[INFORMATION SUPPLIED]

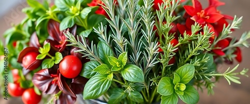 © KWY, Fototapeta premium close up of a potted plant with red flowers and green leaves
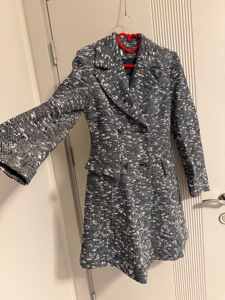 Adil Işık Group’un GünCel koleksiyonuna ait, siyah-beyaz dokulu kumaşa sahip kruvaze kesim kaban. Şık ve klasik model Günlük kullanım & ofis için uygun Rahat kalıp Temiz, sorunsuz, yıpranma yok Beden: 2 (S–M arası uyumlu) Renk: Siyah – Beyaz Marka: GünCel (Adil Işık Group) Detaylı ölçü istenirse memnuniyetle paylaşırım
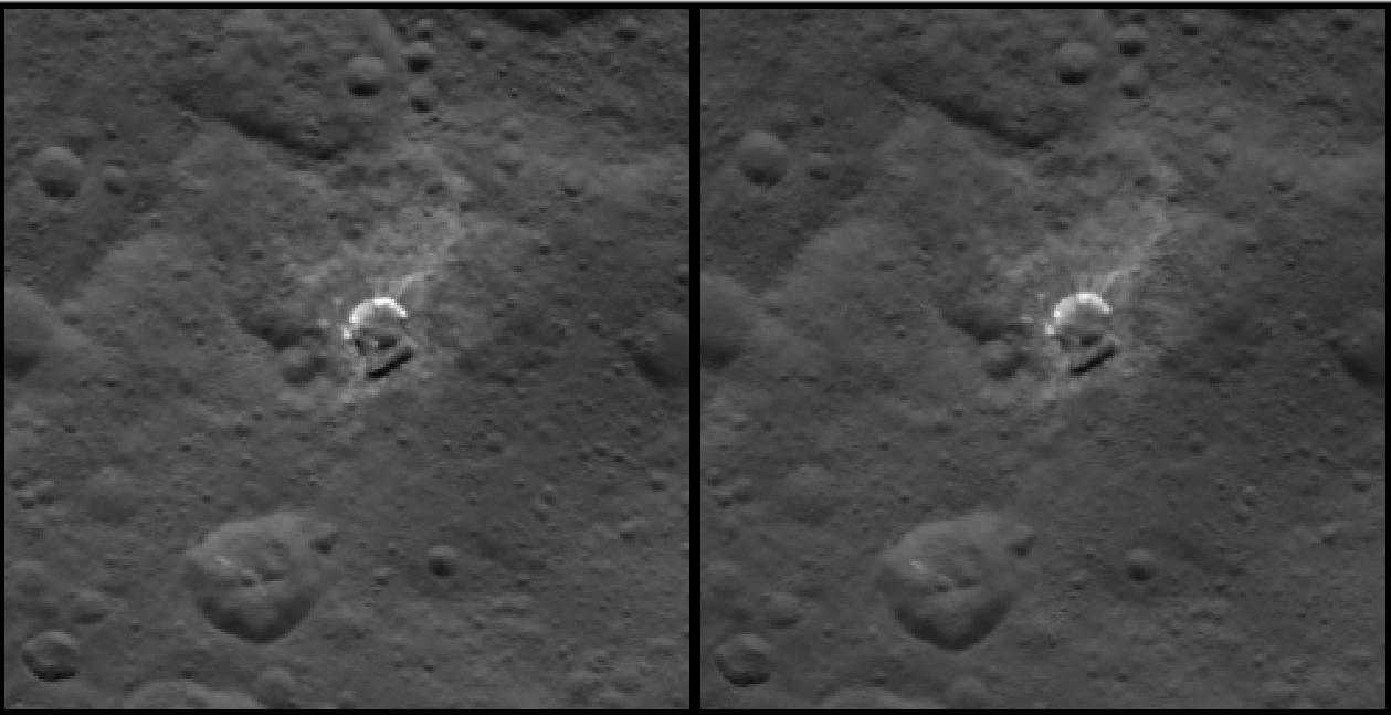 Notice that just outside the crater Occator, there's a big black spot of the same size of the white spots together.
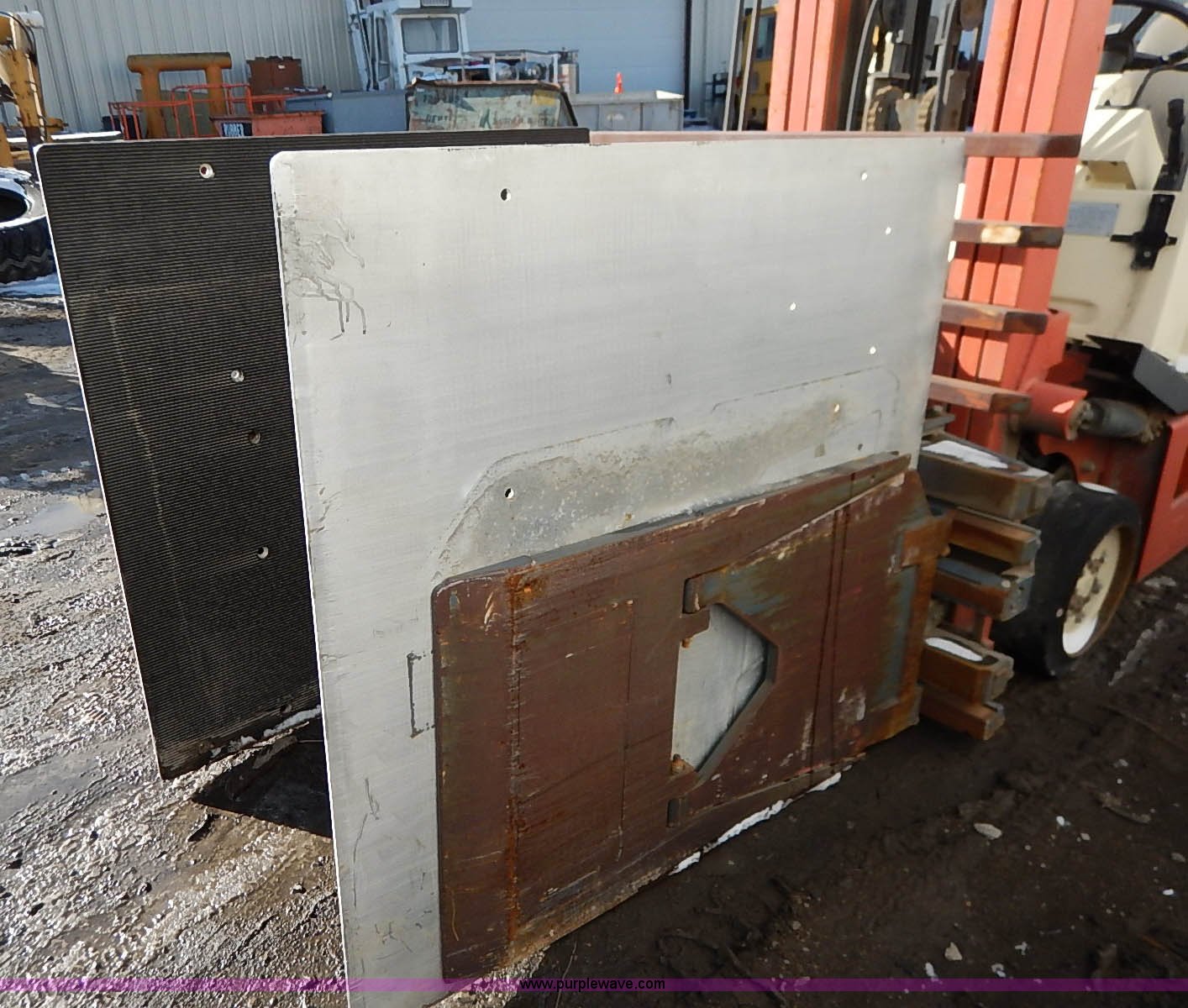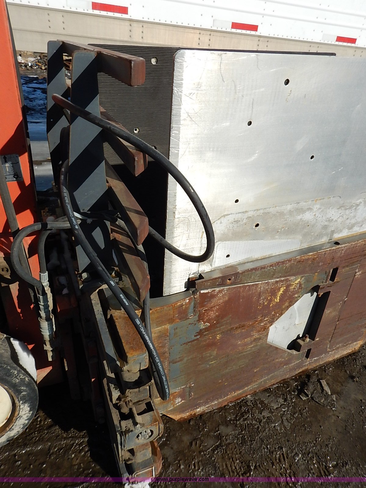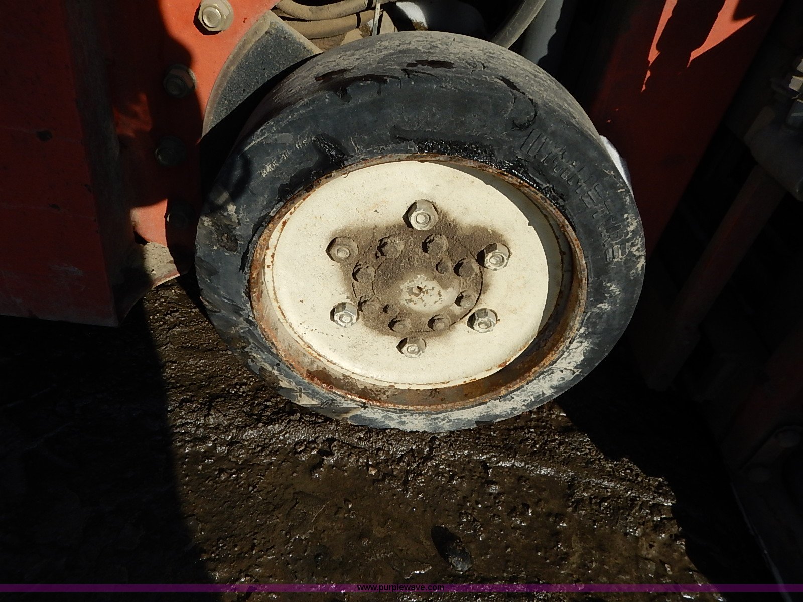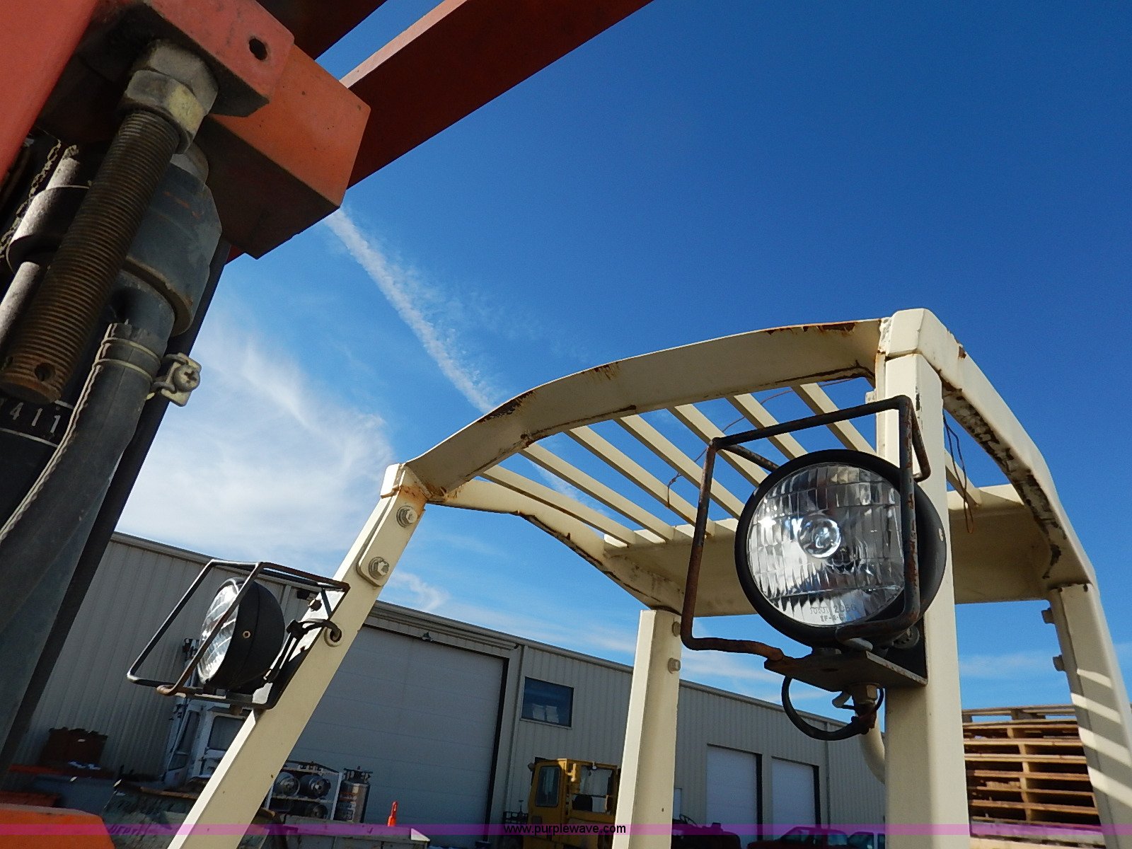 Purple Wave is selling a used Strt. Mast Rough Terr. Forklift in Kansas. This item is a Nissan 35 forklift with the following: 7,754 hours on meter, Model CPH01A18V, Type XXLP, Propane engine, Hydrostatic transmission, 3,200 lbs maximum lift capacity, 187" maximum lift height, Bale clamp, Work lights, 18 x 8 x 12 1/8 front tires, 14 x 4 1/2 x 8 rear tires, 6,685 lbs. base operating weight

[/INFORMATION SUPPLIED]

= TASK GOAL =
Please give back every line above exactly as it stands, without pictures.

= ANSWER SECTION =
 © KWY, Fototapeta premium close up of a potted plant with red flowers and green leaves
 Adil Işık Group’un GünCel koleksiyonuna ait, siyah-beyaz dokulu kumaşa sahip kruvaze kesim kaban. Şık ve klasik model Günlük kullanım & ofis için uygun Rahat kalıp Temiz, sorunsuz, yıpranma yok Beden: 2 (S–M arası uyumlu) Renk: Siyah – Beyaz Marka: GünCel (Adil Işık Group) Detaylı ölçü istenirse memnuniyetle paylaşırım
 Notice that just outside the crater Occator, there's a big black spot of the same size of the white spots together.
 Purple Wave is selling a used Strt. Mast Rough Terr. Forklift in Kansas. This item is a Nissan 35 forklift with the following: 7,754 hours on meter, Model CPH01A18V, Type XXLP, Propane engine, Hydrostatic transmission, 3,200 lbs maximum lift capacity, 187" maximum lift height, Bale clamp, Work lights, 18 x 8 x 12 1/8 front tires, 14 x 4 1/2 x 8 rear tires, 6,685 lbs. base operating weight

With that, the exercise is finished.